February 2009 Archives

The trees in front of the hospital were filled with crows.

Shifting, flapping black shapes huddled on the bare branches, silhouetted against the glowing blue of a winter pre-dawn. There must have been hundreds, weighing down the branches, their harsh cries shattering the silence. Cries, crying, crying.

I walked out of the hospital parking lot that cold sunday morning and stopped short in the middle of the street when I realized that all of the crows in the city seemed to be converging at the entrance to the hospital. No one else was around. No cars. My breath curled in little clouds in front of me. It was just starting to get light - that beautiful light when black transforms itself into blue just above the horizon. The TCF bank tower flashed "6 degrees." I walked past the restless, cacophonous trees and into the hospital.

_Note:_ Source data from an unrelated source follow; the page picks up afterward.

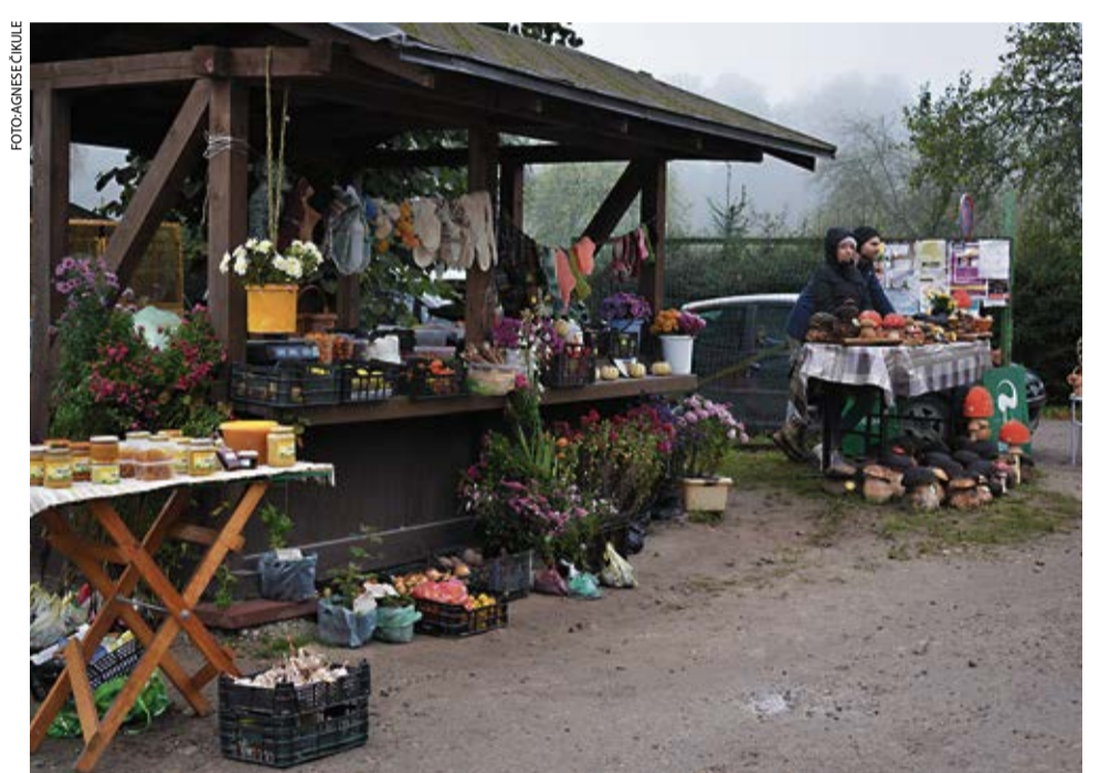
Cilvēki labprāt iegādājās gan ikdienas dārzeņus – kartupeļus, sīpolus, kāļus, kāpostus, gan dažādus stādus.
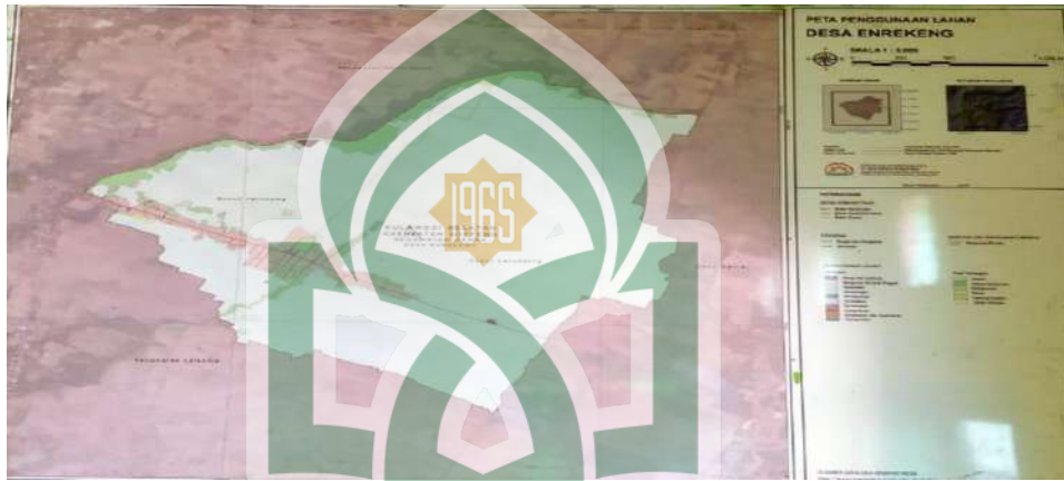
Gambar 1.1. Peta Desa Enrekeng

Peta dan struktur organisasi pemerintah Desa Enrekeng dapat dilihat dari gambar di bawah ini:
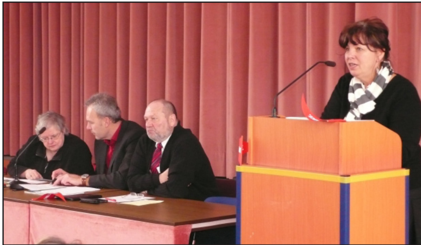
Landrätin Marion Philipp spricht auf der Mitgliederversammlung der LINKEN

Kreisvorstand und Kreisfraktion konzentrierten sich seit Anfang 2011 auf die Landratswahlen. Dabei wurde auch die Möglichkeit eines Kandidaten ohne Parteibuch nicht ausgeschlossen. Bei der Suche nach einem geeigneten Kandidaten stellte sich schnell die Frage, welche Ziele der künftige Landratskandidat anstreben sollte.
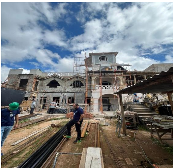
Palácio das Águias Autoria: Eduardo Santos Data: 26/03/2026

Os projetos têm como objetivo realizar a recuperação do edifício conhecido como Palácio das Águias para que seja utilizado como centro de cultura da cidade; ambos seguem a execução concomitantemente.
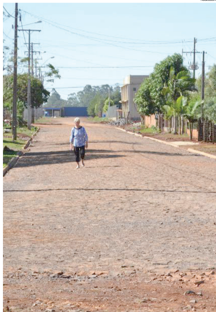
Distrito de Santa Maria: famílias ganham pavimentação

também dá atenção ao distrito de Santa Maria, que está às margens da BR-163, liga Cascavel ao Sudoeste do Paraná. Uma das obras é a pavimentação poliédrica das ruas Josefa Roberto Sampaio, Ortelina Aires da Silva e Onofre Guedes. São implantadas galerias de água pluvial, calçada de concreto, meio-fio, sinalização vertical, placas de trânsito e de sinalização. O custo dessa obra é de R$ 270 mil.
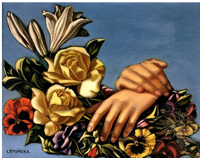
Tamara de Lempicka: Mans e flores , ca. 1949

Frida Kahlo (1907-1954), co seu estilo totalmente persoal, segue inspirando e influíndo o mundo da moda, os medios e a arte. Ao observar os seus retratos pódese constatar que Kahlo comprendeu a importancia da imaxe e da actitude, moito antes de que estas palabras formasen parte do vocabulario do marketing do noso tempo. Para ela, a vida era teatro e a roupa, o seu vestiario de escena, xa se tratase
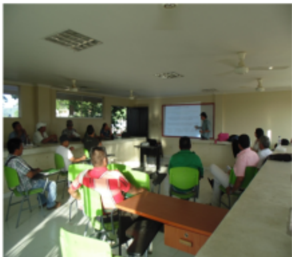
Tierra Alta, Cordoba

Con aportes de todos ellos se plantea un Modelo de Atención el cuál será piloteado en estos tres territorios
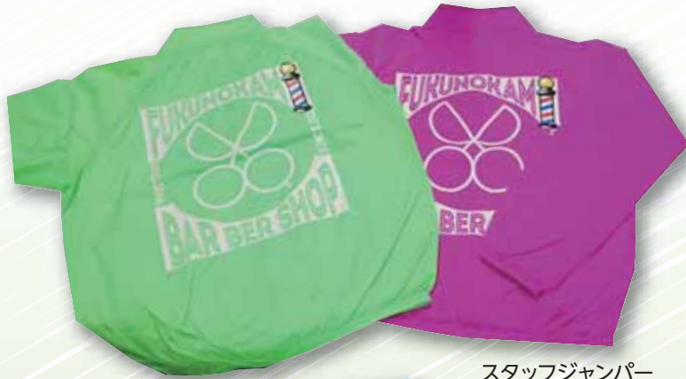
スタッフジャンパー
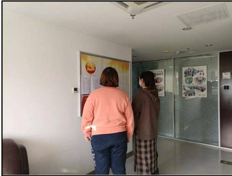
图 3.2-4 本工程张贴公示栏照片
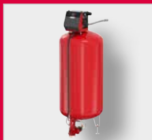
Flamcomat G4 MK-C expanzní automat
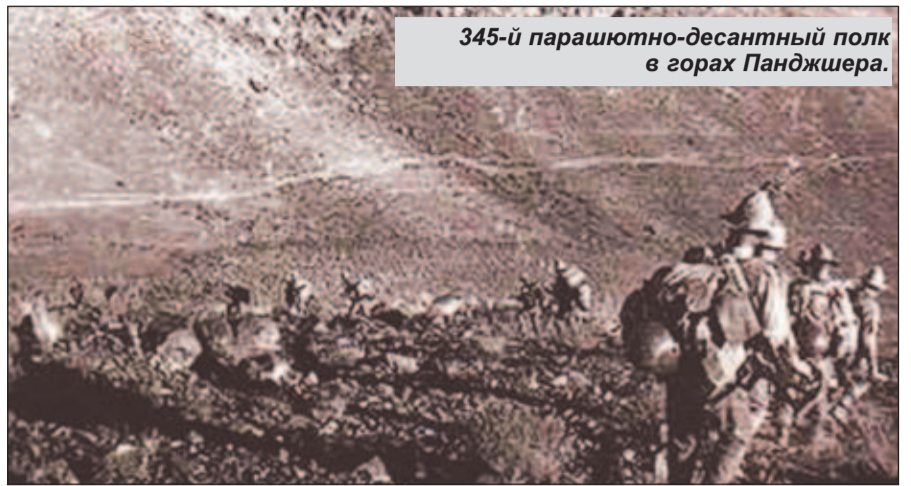
345-й парашютно-десантный полк в горах Панджшера.
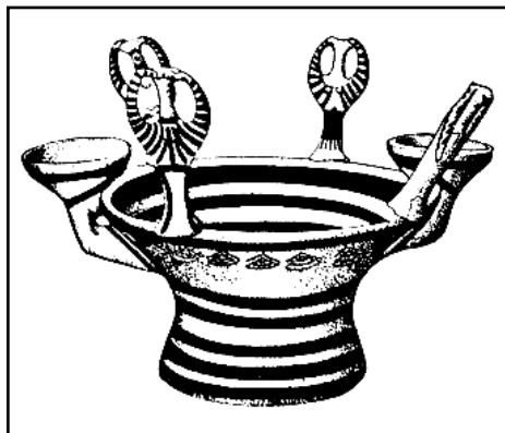
Обр. 5. Съд с “Ф” идоли и купички от некропол III C в Микена. (по Müller-Karpe)

Повече затруднения предизвиква идентификацията на предметите с № 10, които са с форма на пръстени със заоблено, почти кръгло напречно сечение. Предположенията могат да варират в доста
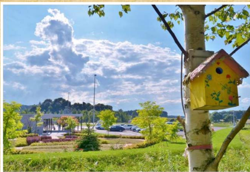
「巣箱のあるパーキング」(9月撮影) 齊藤 修成 様 (苫小牧市) 【撮影場所:道東自動車道 由仁PA】
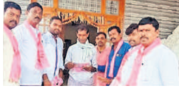
ప్రచారం చేస్తున్న బీఆర్ఎస్ నాయకులు
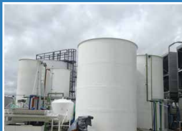
TANQUES DE PRFV DIFERENTES TAMAÑOS FRESENIUS MEDICAL CARE - SIBERIA
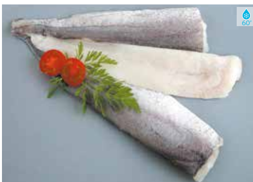
Filet lluç extra 9,60€ AMB PELL 800 g 11,90€ SENSE PELL
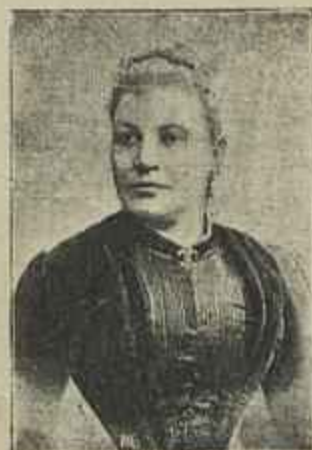
Marqueza de Isle
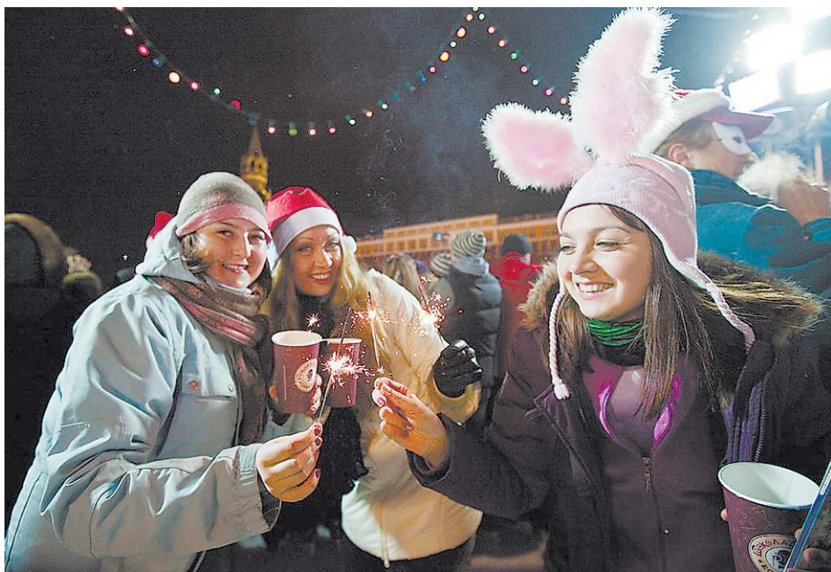
Не хочешь остаться в Новый год в одиночестве? Просто выйди на улицу.

Действительно, никто не может гарантировать, что компания соберётся тебе по вкусу. Скорее всего, если ты решишь присоединиться к людям на форуме, будешь иметь дело только с кем-то одним – тем, кто взял на себя руководство, а остальные в итоге станут для тебя полным сюрпризом. В таком случае даже не знаешь, что лучше
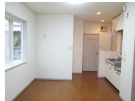
窓があり明るいです
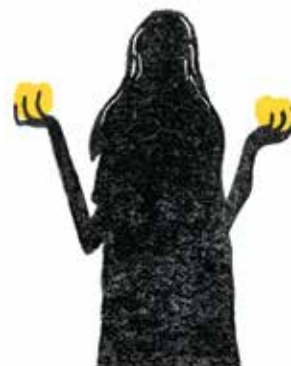
Idun: cea care se îngrijește de merele de aur ale tinereții.
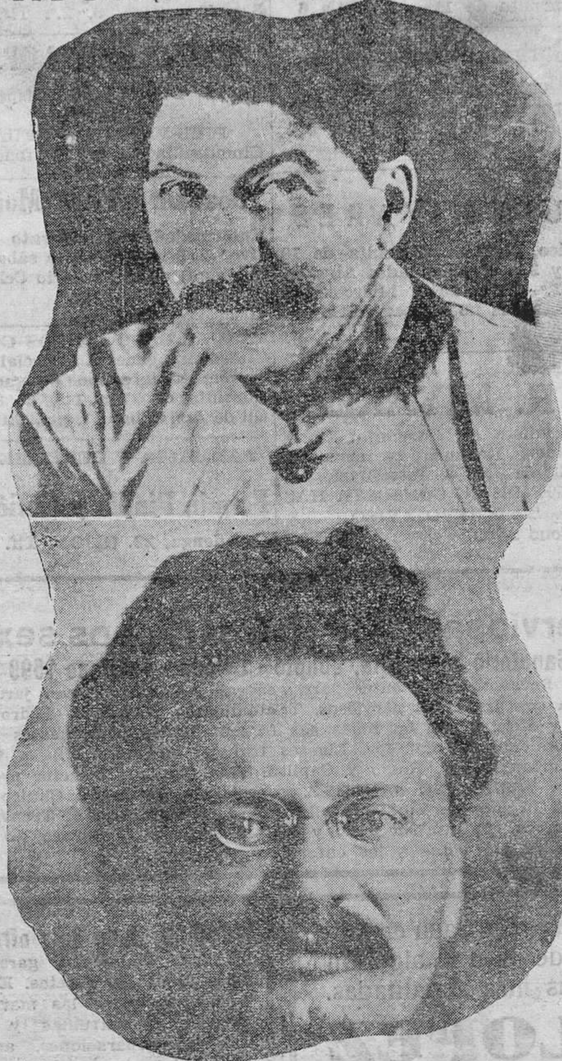
Arriba Stalin y debajo Trozky, figuras destacadas de la Rusia soviética cuyas discusiones políticas se procura actualmente vender a cuyo objeto se señala a Litvinof como intermediario.
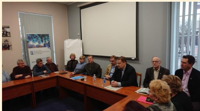
Susitikime išsakyta daug Šiaulių miesto problemų.

Tai ne vienintelis susitikimas su Šiaulių miesto bendruomene prieš artėjančius savivaldos rinkimus. Jų buvo daug, tačiau įsiminė vienas bendras bruožas – šiauliečiams rūpi, kaip gyvens miestas artimiausius ketverius metus, kas jam vadovaus, kas dirbs miesto taryboje.
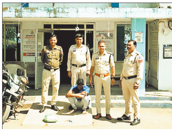
हिरासत में लेकर पूछताछ की गई। शुरु में आरोपी पुलिस को गुमराह
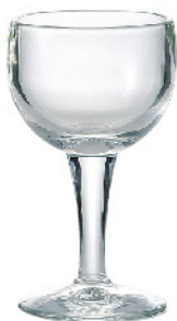
625701 パロン ワイン140cc 寸法/径7.5×高さ13.5cm/6入 1,400 円 (税込1,540円)
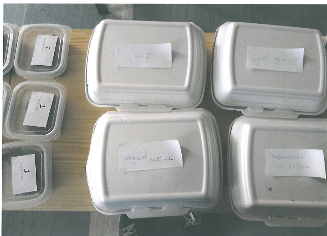
Obr. 23. Vzoroký odebrané na sledovaném území
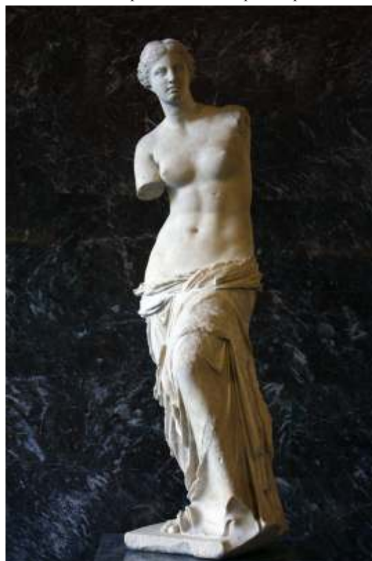
Vênus de Milo, c 200 a. C.

Sobre a escultura abaixo podemos dizer que faz parte da:
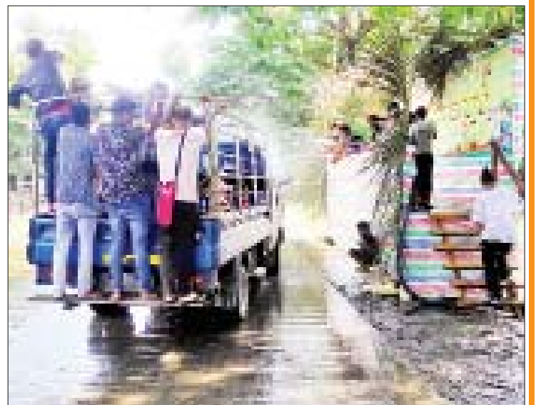
လွန်မြို့၌ အေးချမ်းပျော်ရွှင်စွာ ရေကစားကြသူများကို တွေ့ရစဉ်။
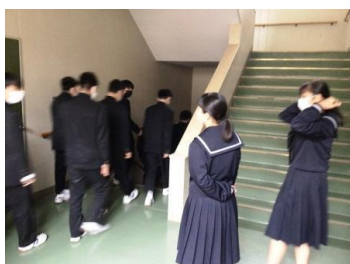
下級生を優先し、自分たちは待機する3年女子生徒
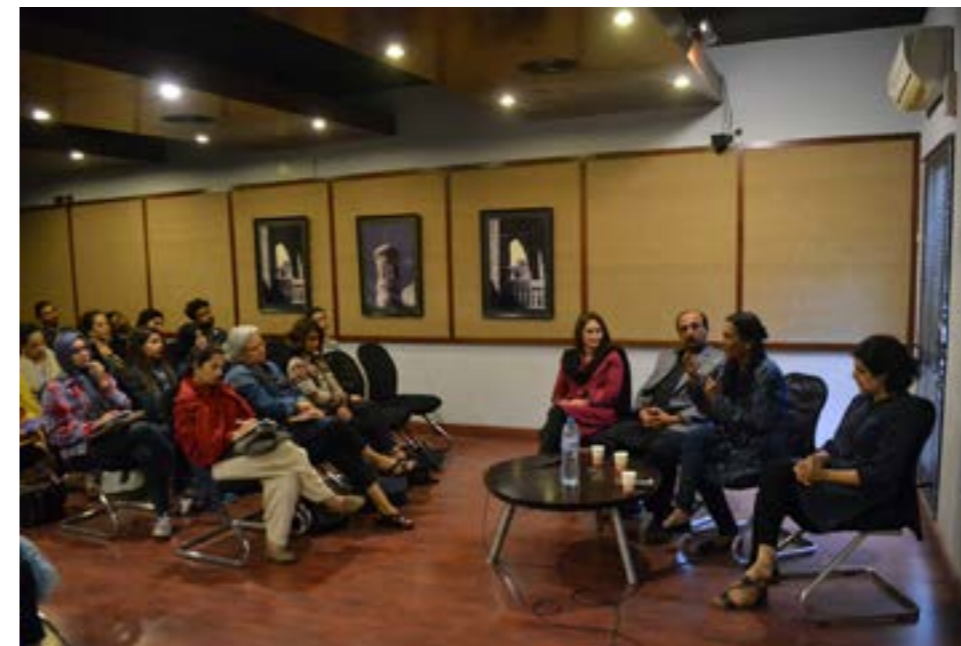
Fig. 3: First KB .
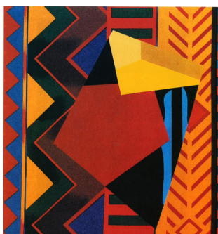
Angle jaune sur flamboyant , 1987 Acrylique sur toile imprimée

Ancien élève de l'École nationale supérieure des Arts Décoratifs de Paris, Guy de Rougemont séjourne deux années à la Casa de Velázquez (1962-1964).
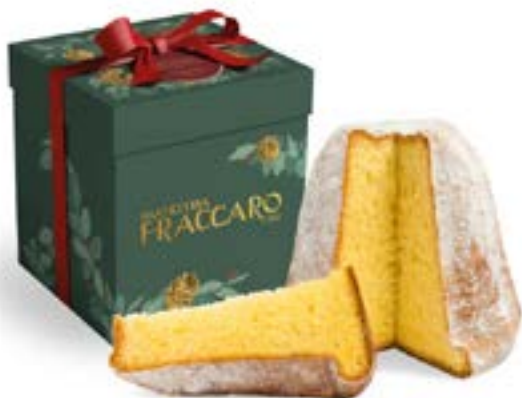
Pandoro Classico Linea Confezione Regalo Luxury Line (astuccio alto)
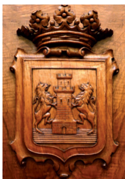
Escudo de madera de Deba, en forrado del mismo material, detrás de donde se sienta la presidencia, en la sala de capitular de la Casa Consistorial. Diciembre 2018.
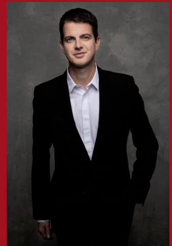
Philippe Jaroussky, Président Fondateur de l'Académie Musicale

C'est pour moi une formidable aventure qui commence et je suis très heureux de pouvoir intégrer avec mon académie ce nouveau temple dédié à la musique que sera La Seine Musicale, disposant de tous les moyens les plus modernes et stimulants pour de jeunes apprentis musiciens.
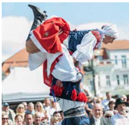
Ve víru tance.
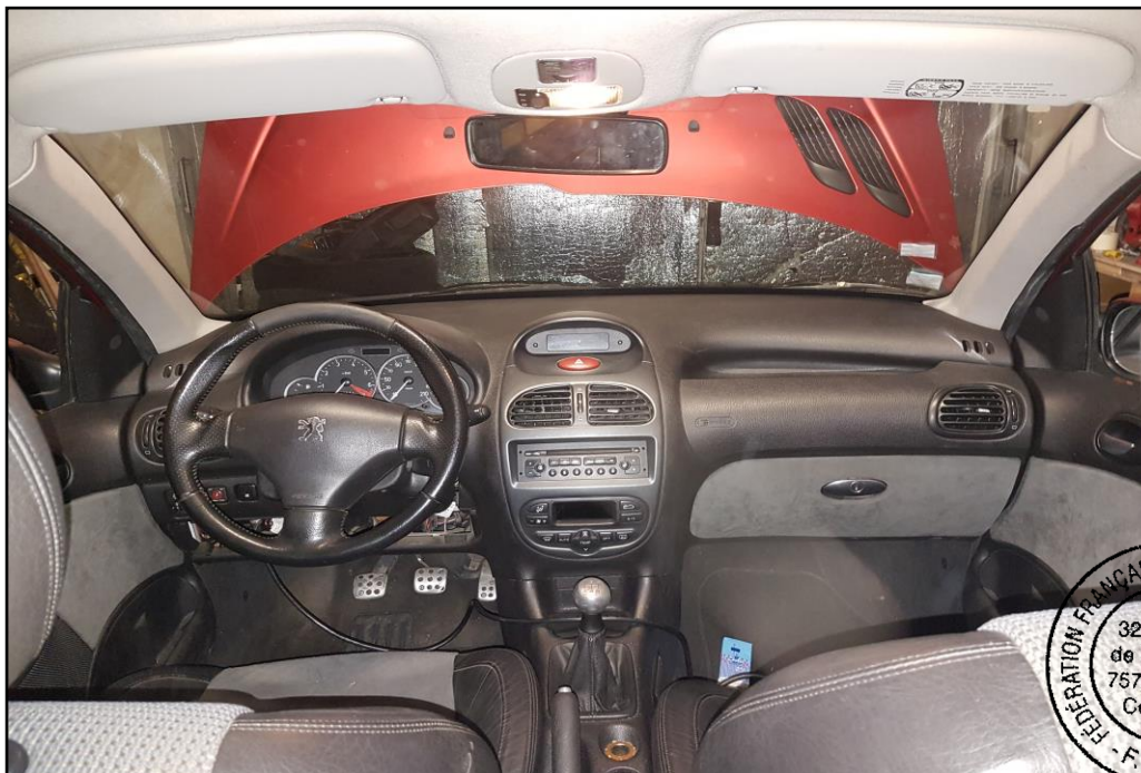
Tableau de bord d'origine de la voiture de série

Traverse avant supérieure d'origine de la voiture de série

A few hours later, I found myself in the burn unit, touching the distorted face of a dying man, saying "its ok, its ok." I had given the order to stop the blood pressure medications that were keeping him alive, and remove the endotracheal tube that was connecting him to the ventilator. I had given the order to let this man die. And he died. His organs had failed, he was bleeding internally, his skin had been completely degraded, and the phrase "medical futility" had been scattered through his hospital chart for days. Futile. That complicated, heavy word. The simple answer: discontinue. We discontinued. And he took his last deep slow gasping breaths - breaths originating from the most ancient part of the brainstem, disconnected from all consciousness. He ceased to continue. He was surrounded by sterile strangers, in a cold city, with crows filling the trees outside.


Two of my patients died that day.

The crows were beautiful against the sky.